Our objectives for holding derivatives are to achieve a consistent level of cash flow to support a
portion of our planned capital spending. Our use of derivative instruments for hedging activities
could materially affect our results of operations in particular quarterly or annual periods since
such instruments can limit our ability to benefit from favorable price movements. We do not enter
into derivative instruments for trading purposes. See Item 1. Condensed Consolidated Financial
Statements Notes 6 and 7 for more details.
Derivative Instruments and Hedging Activities
Our primary commodity market risk exposure is to changes in the prices that we receive for our
crude oil and natural gas production. The market prices for crude oil and natural gas have been
highly volatile and are likely to continue to be highly volatile in the future. As such, we employ
established policies and procedures to manage our exposure to fluctuations in the sales prices we
receive for our crude oil and natural gas production via derivative instruments.

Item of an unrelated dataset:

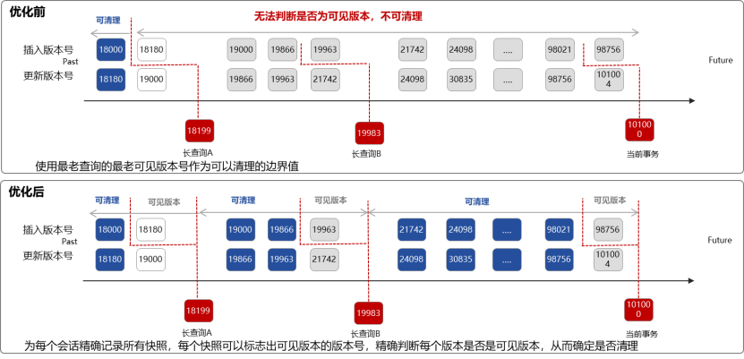 金仓优化了MVCC机制,保持ROW式MVCC的读写互不阻塞、免拷贝瞬时回滚等特色的同时,将表膨胀率降低了80%;

While the use of derivative instruments limits the downside risk of adverse price movements,
their use may also limit future revenues from favorable price movements. Moreover, our derivative
contracts generally do not apply to all of our production and thus provide only partial price
protection against declines in commodity prices. We expect that the amount of our derivative
contracts will vary from time to time.
During
the first nine months of 2010 and 2009, we were party to crude oil costless collars,
crude oil swaps, crude oil puts, natural gas costless collars, natural gas three-way costless
collars and natural gas swaps.
We use costless collars to establish floor (purchased put option) and ceiling prices (written
call option) on our anticipated future crude oil and natural gas production. We do not pay or
receive net premiums when we enter into these option arrangements. These contracts are settled
monthly. When the settlement price for a period is above the ceiling price (written call option),
we pay our counterparty. When the settlement price for a period is below the floor price
(purchased put option), our counterparty is required to pay us.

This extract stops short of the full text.